Children Missing in Amazon Jungle Found Alive After 40 Days
After 40 days in the Colombian rainforest, all four children who had been missing since the plane they were traveling in crashed on May 1 have been found alive, according to Colombia’s president.
“They achieved an example of total survival that will go down in history,” President Gustavo Petro said at a news conference on Friday night.
When rescuers reached the site of the plane’s wreckage last month, the bodies of the three adults on board were found, but there was no sign of the four children known to have been on the plane.
In a case that captivated the nation, local Indigenous communities from the remote region, along with the Colombian military, began scouring the jungle for the children, aged 13, 9, 4 and 1.
The children are “weak” and are receiving medical attention, Mr. Petro said.
The children were initially treated by combat medics from the special operations forces that had been deployed in the search, and later transferred to the military base in the city of San José del Guaviare, where they were in stable condition, the Defense Ministry said in a statement.
Early Saturday morning, some of the children were photographed being carried on stretchers off a plane that had landed at a military airport in Bogotá, the capital. The domestic news media reported that all four were later taken to a military hospital for treatment.

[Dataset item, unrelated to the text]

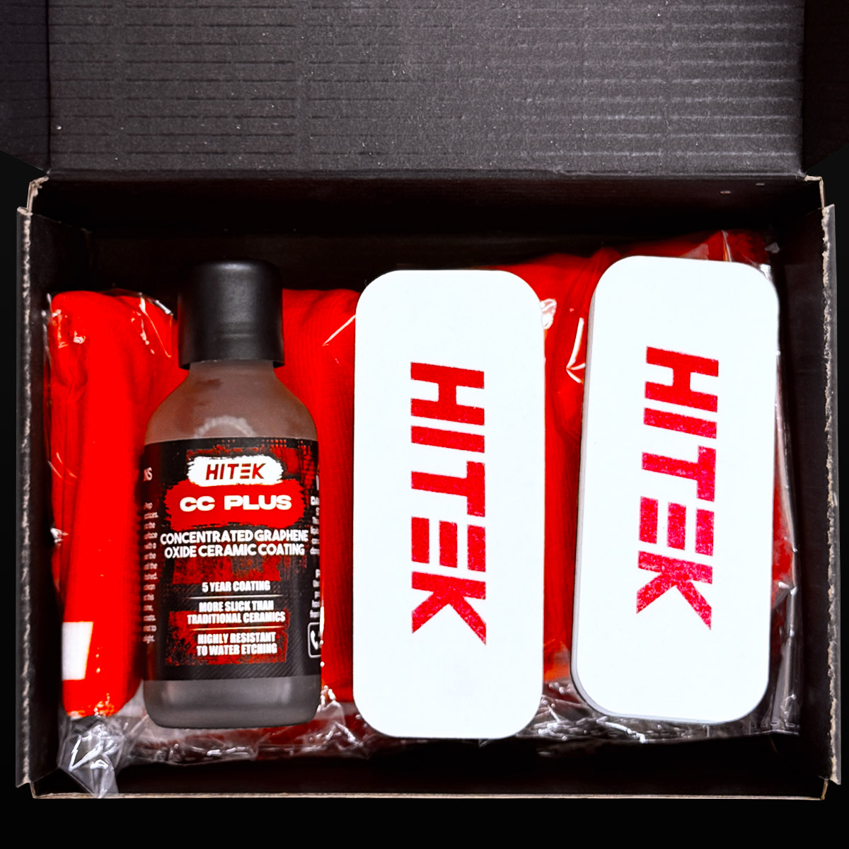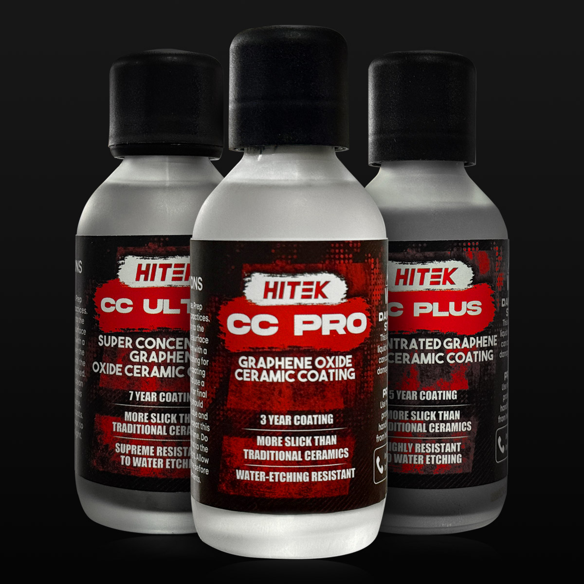 HITEK CC Plus Ceramic Coating offers long-lasting protection and a deep, glossy finish for automotive surfaces. Key benefits include:

“We want to share the happiness of all the Colombian people with this true miracle that we have known tonight,” the defense minister, Iván Velásquez, said in a video posted to social media.
It was unclear as of Saturday morning who found the children or how they managed to survive for so long in a thick jungle that is prone to heavy rains and contains jaguars and poisonous snakes.
“It’s a real miracle. It’s going to be news for years to come,” said Pedro Arenas, a human-rights activist in San José del Guaviare. “After 40 days, it is quite incredible news. So there is a lot of joy, there is really happiness.”
The children, members of the Huitoto Indigenous community, had been traveling with their mother and an Indigenous leader from the tiny Amazon community of Araracuara, Colombia, to San José del Guaviare, a small city in central Colombia along the Guaviare River. The pilot reported engine failure and declared an emergency before the plane disappeared from radar around 7:30 a.m. on May 1.
The Colombian air force and other branches of the military soon deployed search-and-rescue planes and helicopters, as well as land and river teams. Indigenous communities in the region joined the effort.
Using a speaker that produces sound loud enough to be heard within a roughly mile-wide radius, they played a recording made by the children’s grandmother in Huitoto, their native language, telling the children to stay in one place and that people were looking for them.
Conflicting details about the case have confused and angered many Colombians. On May 17, Mr. Petro announced on Twitter that the children had been found alive. But the next day, he retracted the good news, saying that the nation’s child-welfare agency, the Colombian Institute of Family Welfare, had received incorrect information.
Over the past few weeks, the authorities said they had reason to believe that the children were still alive, pointing to footprints, diapers and shoes found in the search.
“They fended for themselves. It is their knowledge from the Indigenous families, their knowledge on how to live in the jungle, that has saved them,” said Mr. Petro at the news conference. “They are children of the jungle. And now they are children of Colombia.”
Federico Rios and Mike Ives contributed reporting.